大切にしている言葉#虎吉の交流部屋プチ企画
大切にしている言葉は「じっと待つ」です。
といっても演歌でくり返し歌われている「去って行った男をひたすら待つ女」が好きなわけではありません。
わたしにとって立ち上がれないほどの重大事が起こったとき、姉が言ってくれました。
「今はじっと待つしかないよ。通り過ぎて行くのを。頭の上を通っていく台風をやりすごすみたいに、身をかがめてね」
姉もまた数年前、幼い子供二人を残して夫が急死する、という重大事があったばかりのころでした。
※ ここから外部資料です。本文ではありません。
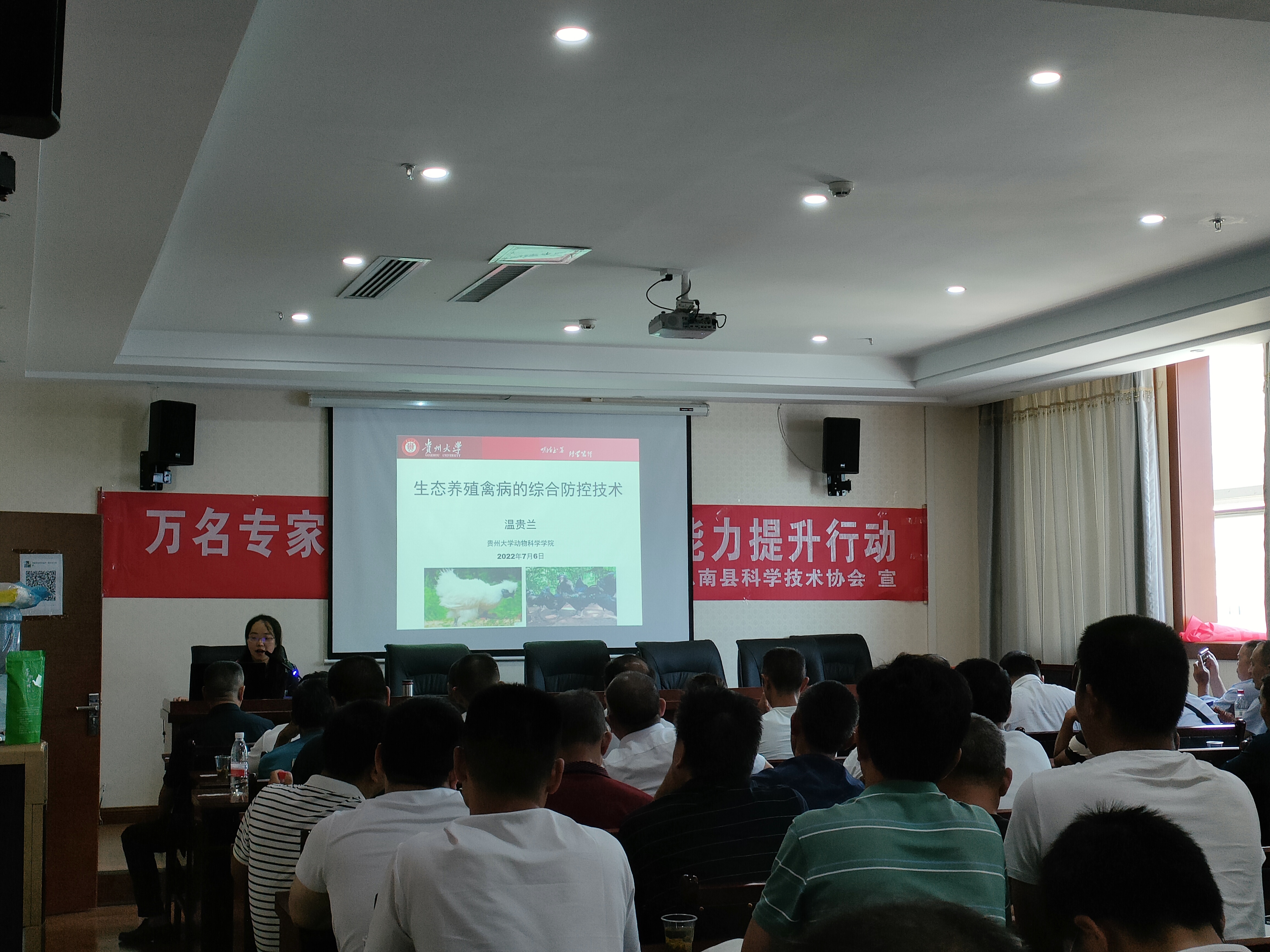 助力乡村振兴,动科在行动。为切实提升基层兽医工作者业务能力,助力思南县乡村振兴,7月4日至7日,我院被选派思南服务的省科技特派员温贵兰、汪德生、张太前三位教师为思南县2022年乡村兽医登记备案暨动物防疫能力提升培训班学员进行了为期4天的授课,来自全县28个乡镇的兽医防疫员、农业服务中心技术人员共计220人参加培训。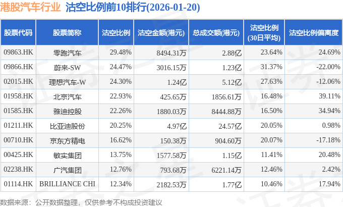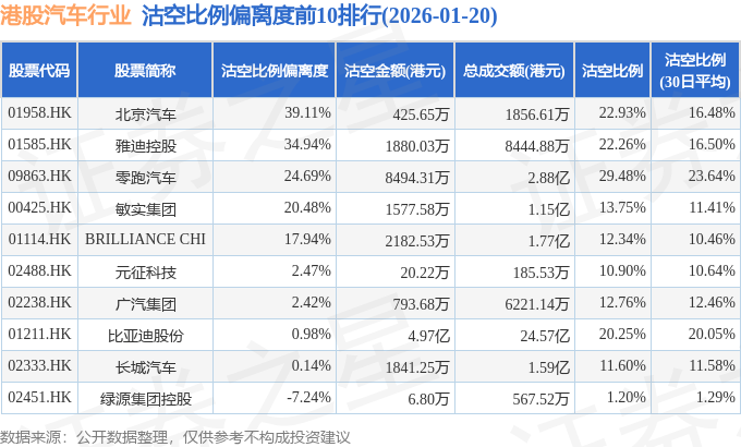 从沽空比例偏离度来看,北京汽车、雅迪控股、零跑汽车沽空比例偏离度位居行业前三,分别为39.11%、34.94%、24.69%。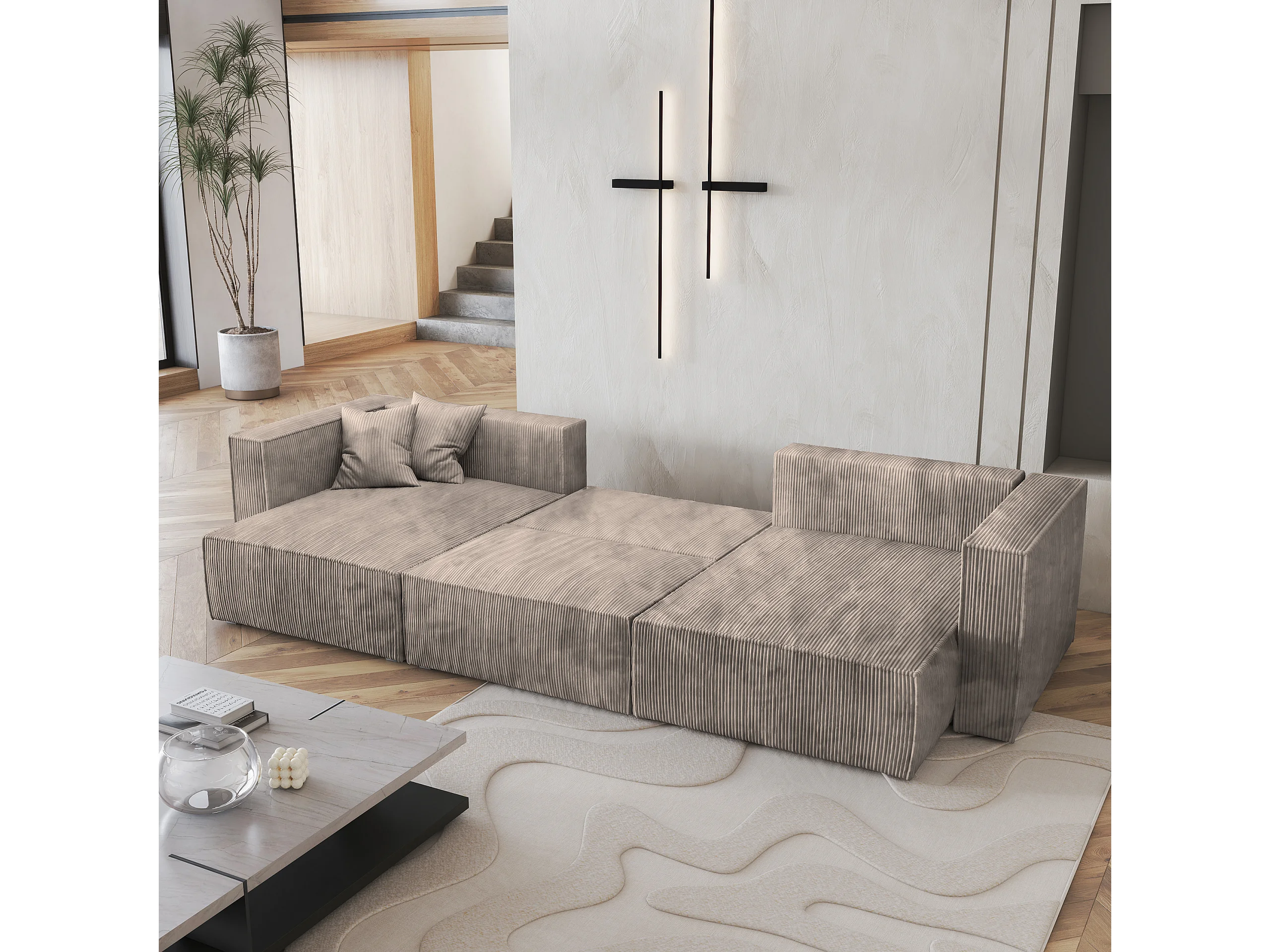Canapé d'angle SARMO Beige en velours côtelé avec fonction de couchage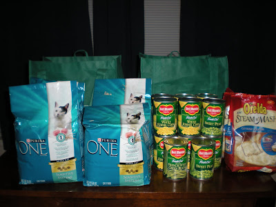A quick trip to Target tonight to get some needed cat food and use the coupons I had before they expired tomorrow. While I was there I picked up some more Del Monte vegetables that are on sale this week, some of which will be sent with M to school tomorrow for the canned food drive.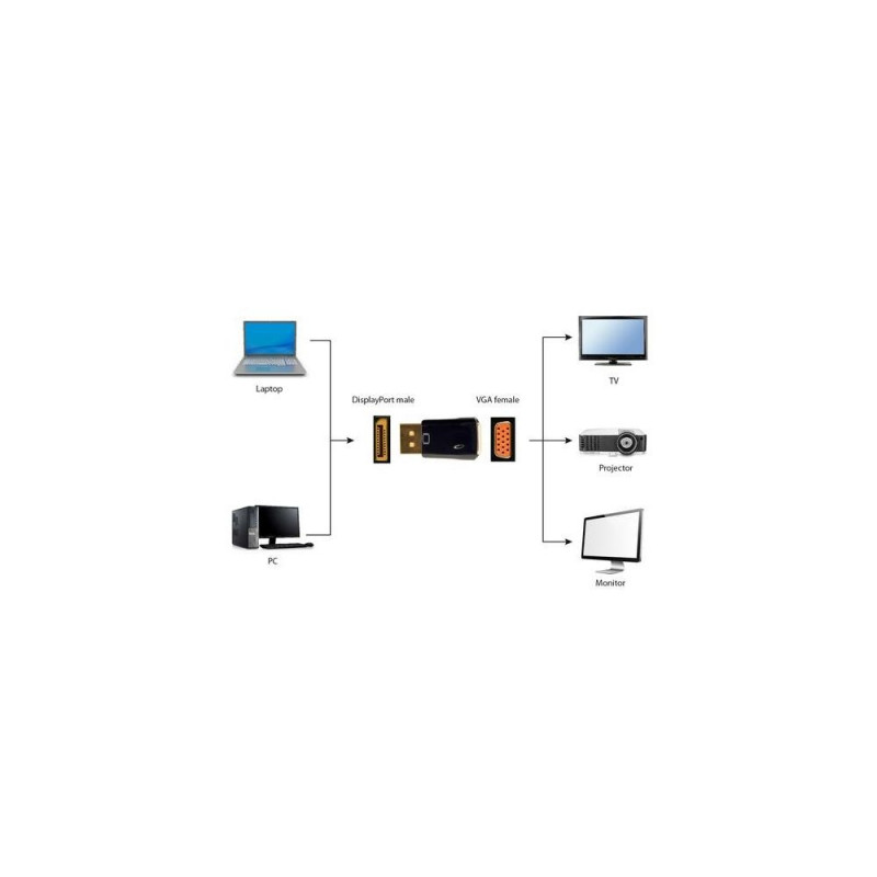 DisplayPort (male) to VGA (female) adapter<br>Supports any VGA monitor or beamer<br>No additional power supply, software or drivers needed<br>Gembird A-DPM-VGAF-01. Connector 1: DisplayPort, Connector 2: VGA. Product colour: Black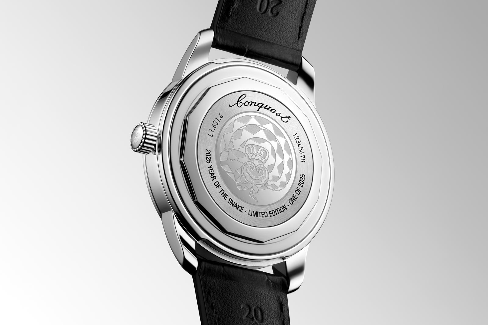 The Conquest Heritage Year of the Snake offers something more modern and striking, instead of the conservative look of the standard model that has a silver or black dial. I particularly like the fact that the snake motif is limited to an engraving on the case back, as having it on the dial would have been overly ornate.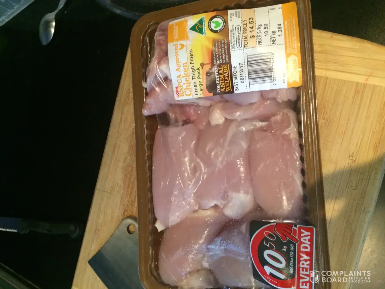 I bought a box of Coles Chicken Thigh Fillets on Friday the 1/12/17 with an expiry date of 6/12/2017 .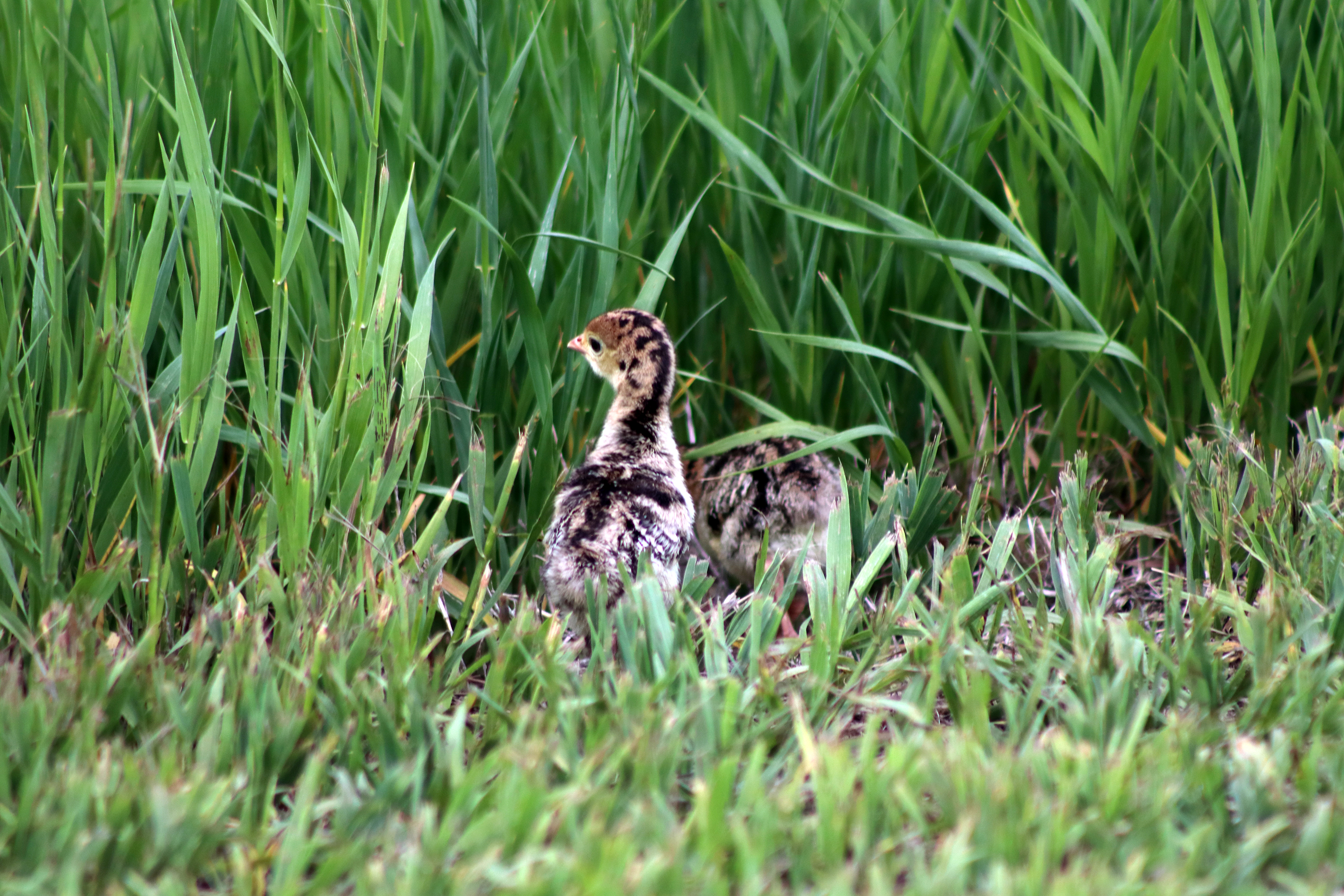 In the spring, wild turkey chicks hide in the tall grass eating insects.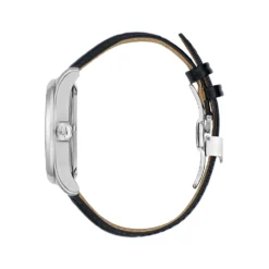 This Seiko watch has a case made of stainless steel with a diameter of 39.4 mm and is fitted with a leather band. Inside the case lies a Seiko movement and the watch features a Mineral crystal.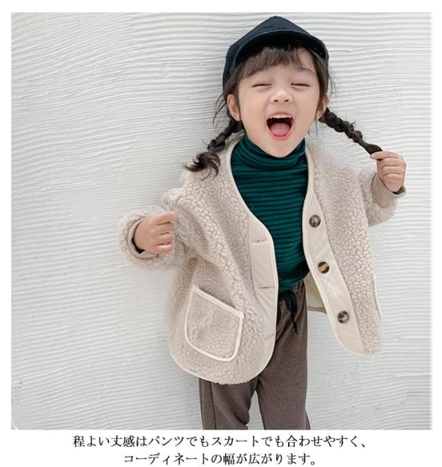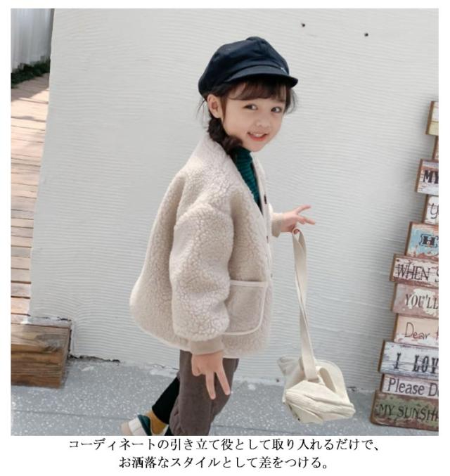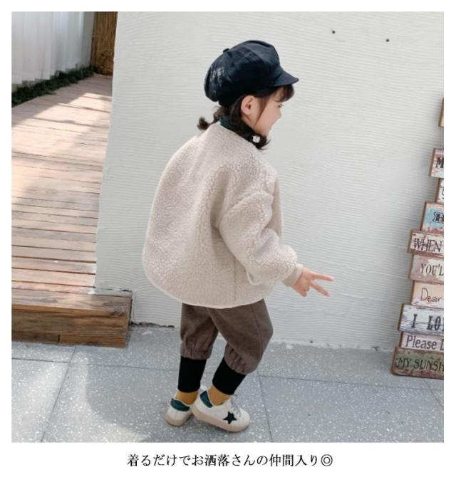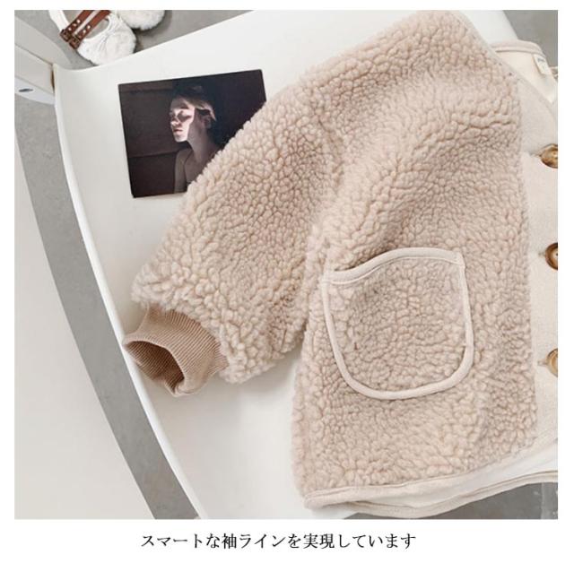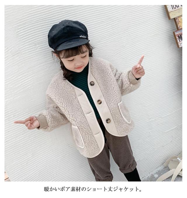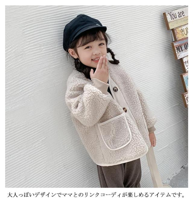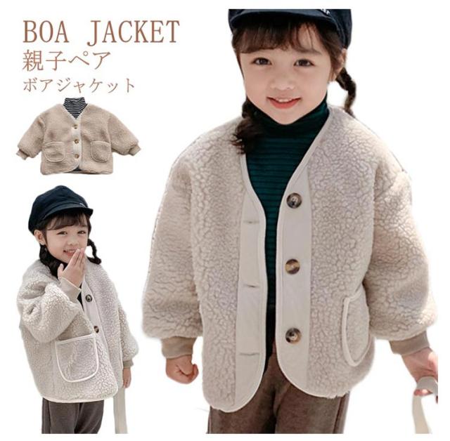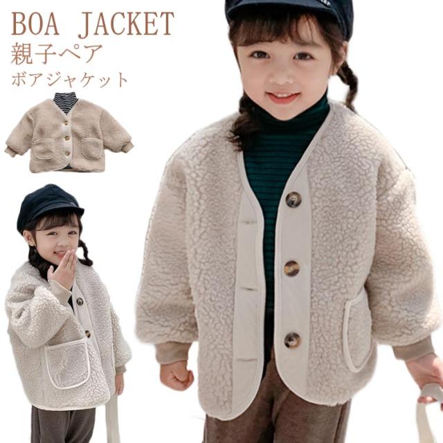 親子コーデ ノーカラー ボアジャケット ボアブルゾン 子供 キッズ 子供コート レディース ボア ジャケット ブルゾン ショート丈 コート アウター ボア フリースジャケット もこもこ 防寒 秋冬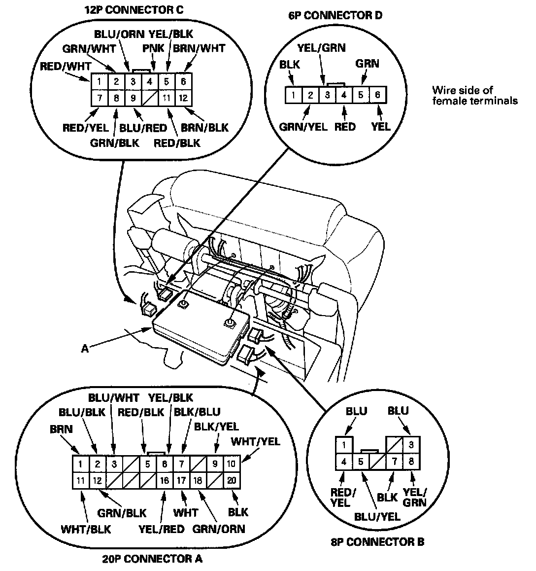 NOTE: All connector views are from wire side of female terminals.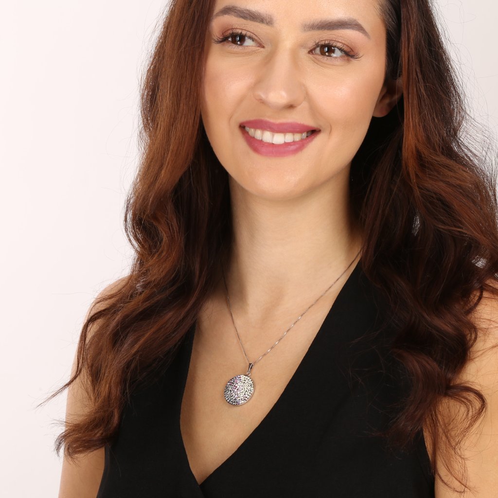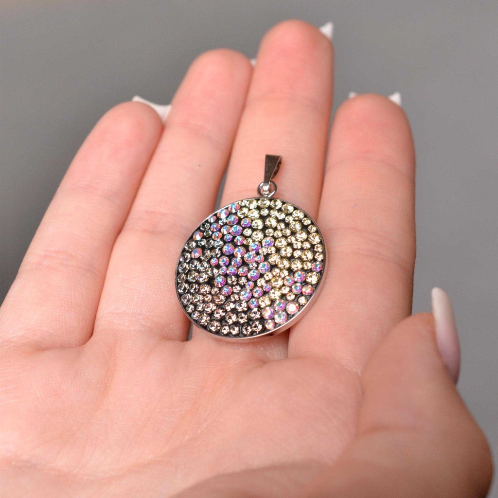 Obzeráte sa po výraznom, luxusne zdobenom prívesku, ktorým by ste mohli doplniť svoj outfit? Odporúčame okrúhly strieborný prívesok bohato vysadený Swarovski kryštálmi !Strieborný okrúhly prívesok 34131.3 má priemer 25 mm a je zdobený mnohými malými okrúhlymi Swarovski kryštálmi v rôznych farbách. Na prívesok bolo použité striebro rýdzosti 925/1000, ktorého povrch prešiel úpravou ródiom. Rhodium šperk ochráni proti sčernaniu, zožltnutiu alebo poškriabaniu. Prívesok neobsahuje nikel , a tak ho môžu bez obáv nosiť aj alergici.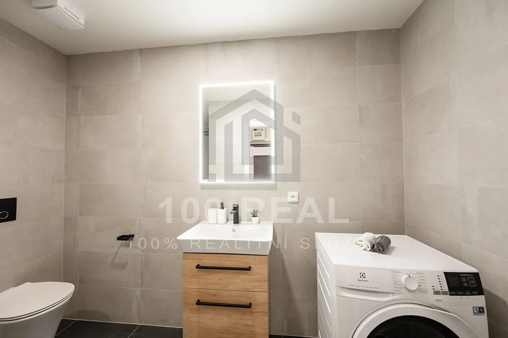 - koupelna se sprchovým koutem, umyvadlem, umyvadlovou skříňkou, topným žebříkem, světelným zrcadlem a pračkou se sušičkou + WC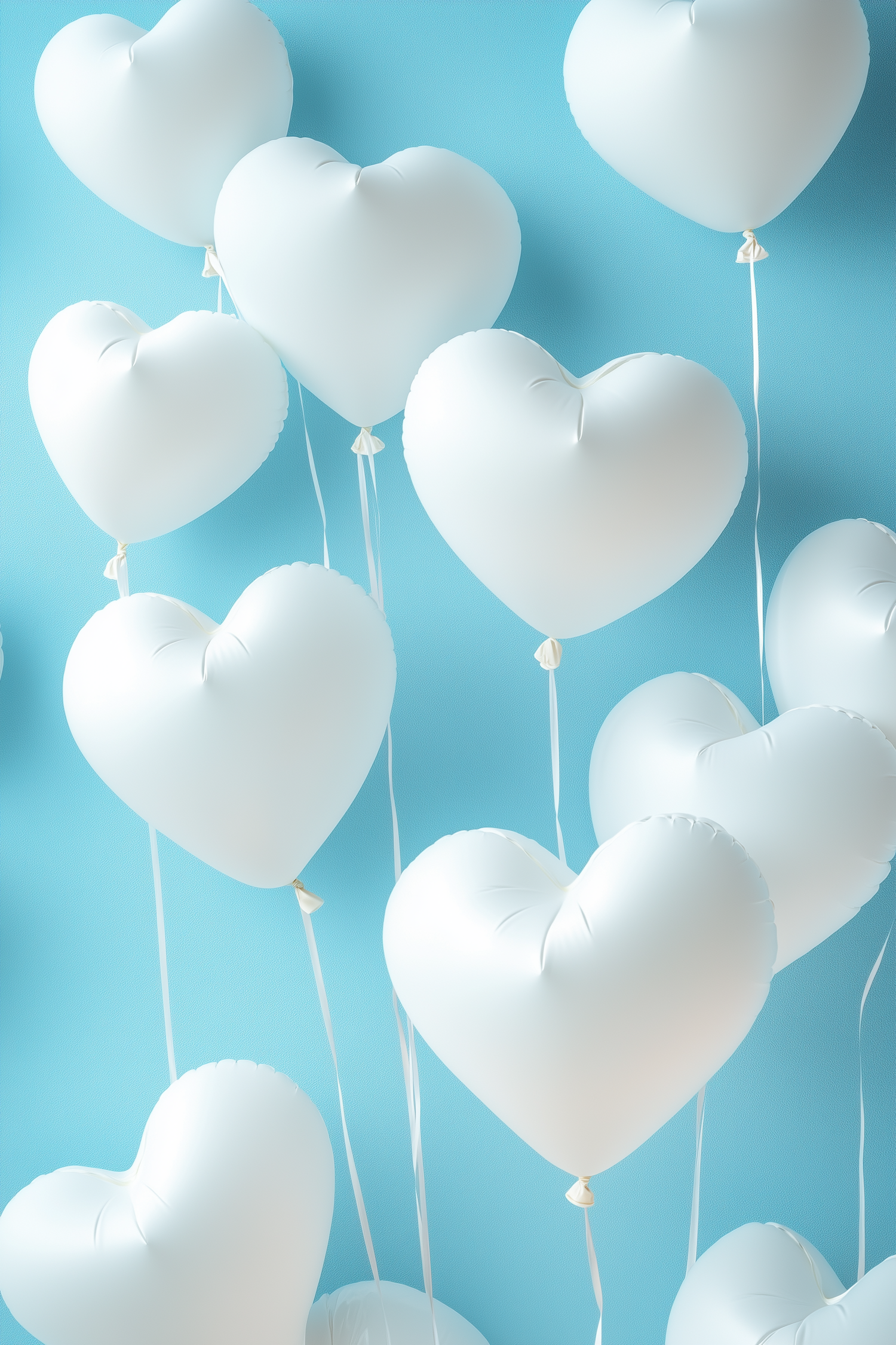 White heart-shaped balloons float against a bright blue background, creating a cheerful and romantic vibe perfect for celebrations.

「頑張れ」でも、「気を落とすな」でもないその言葉はなんにもやる気もなく絶望したわたしにぴったりでした。わたしはじっと待った、というよりわたしの頭の上を時が過ぎて行ってくれた、という方が正確でしょう。そしてなんとかこの辛さを背負って生きて行こうと思えるまでになりました。
本当に辛いことはとても言葉には表せない。誰にも話したくないもの。逆に
「こんなに大変だったの~」と口に出せるのは、大したことじゃない、か、時がたって乗り越えられたとき、と思います。
友達に重大なことが起こった場合もそうです。「大変ね、困ったら何でも言ってね」と、言いたくなりますが、我慢する。そう言われたら自分に大変なことが起こったのだ、と自覚してよけい辛くなると知っているからです。
言葉はあるときは人の一生を変えるほどの力がありますが、あるときは情けないほど無力です。
さりげなく接する。この世に辛いことなんかない顔をして。そして友が「実はね」と言い出すまで、じっと待つ。待つのは辛いものですが、心の扉が開かれるのをじっと待ちます。
時期が来るまで、じっと待てる人、わたしはそうありたい、と思っているのです。
おわり
虎吉さんのプチ企画に参加させていただきます。ちょっと字数が足りなくて
スミマセン。よろしくお願いいたします。